A ce stade, il ne s'agit que d'expérimentations, mais le coup d'envoi est donné ! Drones sous-marins, robots collecteurs… Une horde de technologies sont développées puis déployées dans les grands fonds marins afin de détecter et d'extraire des métaux stratégiques.
Cobalt, nickel ou encore manganèse… Ces minerais sont devenus incontournables pour la fabrication de moult appareils électroniques : des industries entières en sont dépendantes. Tous sont actuellement extraits dans des mines à la surface de la Terre. Mais des quantités substantielles regorgeraient également dans les fonds océaniques.
A plusieurs milliers de mètres de profondeur, ils sont concentrés sous forme de cheminées hydrothermales, d'encroûtements cobaltifères et surtout… de nodules polymétalliques. D'une dizaine de centimètres au plus, ces derniers tapissent les fonds océaniques sous forme de galets qu'il suffirait, en théorie, d'aspirer et de remonter à la surface.

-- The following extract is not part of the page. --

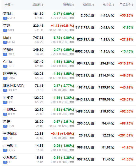 二、热门美股和中概股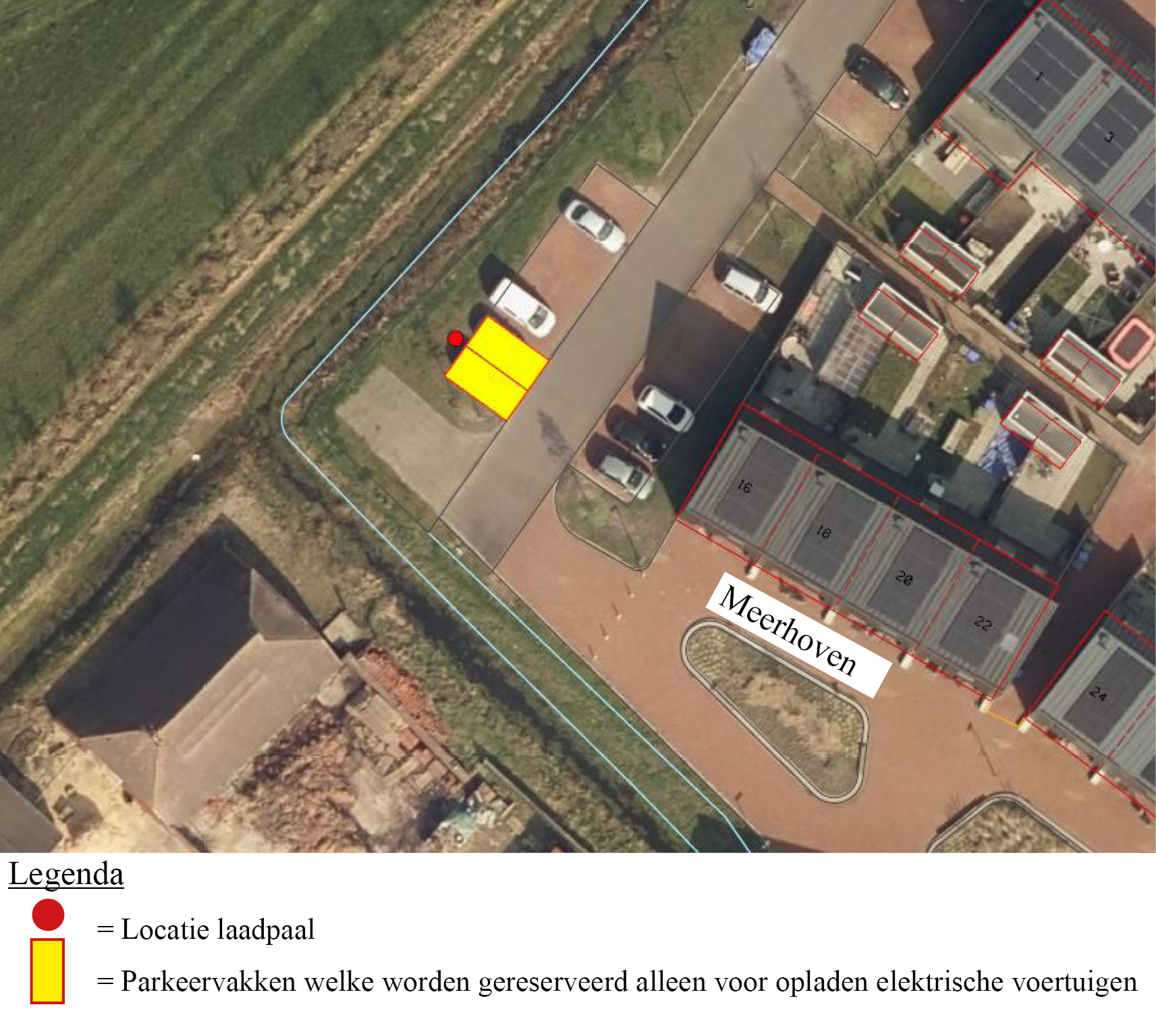 Wij besluiten op grond van bovenvermelde overwegingen twee parkeervakken, bij de laadpaal bij de parkeervakken ten westen van Meerhoven 16, aan te wijzen als parkeervakken alleen voor opladen elektrische voertuigen middels plaatsing van bord E4 uit bijlage 1 van het RVV 1990 met een onderbord met daarop de tekst ‘alleen voor opladen elektrische voertuigen’ alsmede pijlen, waaruit blijkt dat het bord voor twee parkeervakken van toepassing is.

États et entreprises dans la course
Dans le Pacifique, la zone de Clarion-Clipperton concentre toutes les attentions : plus de 21 milliards de tonnes sèches y reposeraient, selon l'Institut d'études géologiques des États-Unis. Du cobalt et du nickel s'y dissimuleraient ainsi à foison : davantage que dans l'ensemble des mines terrestres, selon des estimations.
Un « nouveau Far West » à conquérir aux yeux de plusieurs entreprises. En 2021, un groupe belge y a démontré la faisabilité technique d'une récupération de nodules, par 4.500 mètres de fond. L'année suivante, une firme canadienne a prélevé à son tour 14 tonnes grâce à un robot collecteur.
De l'« oxygène noir » produit dans les abysses
Des États se sont également lancés dans la course, notamment la Chine qui a expérimenté plusieurs rovers. En Europe, la Norvège a officialisé la prospection - sans extraction - d'une portion de ses fonds marins en Arctique , au large de l'archipel du Svalbard, pour déceler d'éventuels gisements.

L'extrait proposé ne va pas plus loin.